Jewish tradition associates both retribution and mercy with memory. Memories of past actions and relationships, and of our covenant, can motivate reprisal or compassion: “Remember what Amalek did to you…that you shall blot out its memory from the earth.” (Deuteronomy 25:17-19) Likewise, “God remembered Noah and all the beasts and all the cattle that were with him in the ark, and God caused a wind to blow across the earth, and the waters subsided.” (Genesis 8:1)
This rabbinic aphorism details the corruption of the relationships among memory, vengeance, and mercy. In context, it references King Saul’s regressive choices: He saved an Amalekite leader (and his nation’s livestock), but he massacred Jewish priests who had (unknowingly) provided food for his enemy. Saul chose to “forget” the cruelty of Amalek and his requirement to avenge it*; in the same way, he also chose to forget his commitment to his compassionate co-religionists.
Saul privileged the advantages of the present over his obligation to the past. The Amalekite king and his wealth offered Saul power and access, while (even accidentally) disloyal priests threatened to subvert his power. This was not an instance of mercy, but one of ambition cloaked in values language.

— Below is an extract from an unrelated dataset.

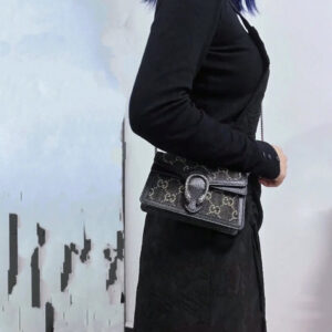 Reminiscent of an archival symbol, the textured tiger head spur is the Dionysus’ defining feature. The feline appearsthroughout the universe, expressing the House’s fascination with the wild beauty of the natural world. Here, the antique silver-toned hardware is paired with a black and ivory GG denim jacquard.
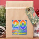 This vibrant, eye-catching, and exciting birthday-themed sticker design features a blue sky with clouds pattern background, a large number "20" and "HAPPY BIRTHDAY," both having a multicolored rainbow spectrum inspired gradient pattern, and a customizable name. Fun and colourful stickers like this might be used when wrapping presents being given in celebration of somebody’s twentieth birthday. [~Z0000374]

This ancient illustration touches on perennial human questions: How often do we forsake past commitments in favor of practical gains in the present? How quickly do yesterday’s memories fade when they compromise the opportunities of today? What reminders can orient us toward these questions in more thoughtful ways?
*Note: The ethical implications of the commandment to destroy Amalek are not uncomplicated, but they are beyond the scope of this brief commentary.
I prefer to read King Saul as a tragic figure rather than as a cynical politician employing moralistic arguments to further a selfish agenda. Saul is not evil; his fatal flaw is that he lacks self-awareness, and this makes him relevant to us.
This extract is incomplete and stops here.